27:25 one of the ways you can see if filename equals X or filename equals Y or filename equals Z, you would say if filename in X comma Y or comma Z, right? And that's a more concise and often considered more Pythonic way. But do you need a whole list allocated just to ask that question?

27:42 What about a tuple? And here we have a with open filename as F then contents F dot read. And we and then we have the split lines and so on.

27:51 And so, well, if you're using pathlib, just say path.readText, you don't need the context manager, you don't need two lines, just do it all in one.

28:00 And so on this simple little bit of code here, they just run refurb against your, this example Python file, and it'll say use tuple xyz instead of list xyz for that in case.

28:13 And then what I really like about it is it finds like exactly the pattern that you're doing.

28:17 So it says you're using with open something as F, then value equals F.read, use value equals path of X.readText one line.

28:29 It gives you pretty, it doesn't say you should use path read text.

28:32 It gives you in the syntax of, here's the multiple lines you did, do this instead. Nice, right?

28:39 >> I don't think I've ever used read text.

28:41 So I learned something new.

28:43 >> I hadn't either, but you know what I do now.

28:45 It also says you can replace X starts with Y, or starts with Z with starts with X, Y, Z as a tuple and that'll actually test.

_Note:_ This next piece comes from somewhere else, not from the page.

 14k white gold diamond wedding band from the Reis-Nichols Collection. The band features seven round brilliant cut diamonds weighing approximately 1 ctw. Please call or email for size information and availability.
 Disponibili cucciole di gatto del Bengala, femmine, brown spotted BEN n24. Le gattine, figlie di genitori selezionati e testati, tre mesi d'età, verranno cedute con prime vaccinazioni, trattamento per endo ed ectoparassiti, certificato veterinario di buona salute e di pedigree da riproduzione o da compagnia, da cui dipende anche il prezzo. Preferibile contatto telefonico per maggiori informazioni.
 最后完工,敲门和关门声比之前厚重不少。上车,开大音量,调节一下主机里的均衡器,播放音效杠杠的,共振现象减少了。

28:56 >> One or the other?

28:57 >> Yeah, one or the other.

28:58 >> Okay.

28:59 >> It says instead of printing with an empty string, there's no reason to allocate an empty string, just call print blank that does the same effect.

29:06 There's a whole bunch of things like that that are really nice here.

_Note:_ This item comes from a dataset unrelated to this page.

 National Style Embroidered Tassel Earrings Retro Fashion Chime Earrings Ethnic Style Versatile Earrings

29:09 You can ask it to explain, you're like, "Dude, what's going on here?

29:14 You told me to do one, two, three.

29:16 What's the motivation?

29:19 You'll get a help text.

29:20 Here's the bad version, here's the good version, here's why you might consider that.

29:23 For example, given a string, don't cast it again to a string, just use it.

29:29 Maybe more important is you can ignore errors.

29:32 You can ignore, just do a dash dash, ignore a number.

29:36 There's one which I'll show you in a second, which I've started adopting that for when I use it.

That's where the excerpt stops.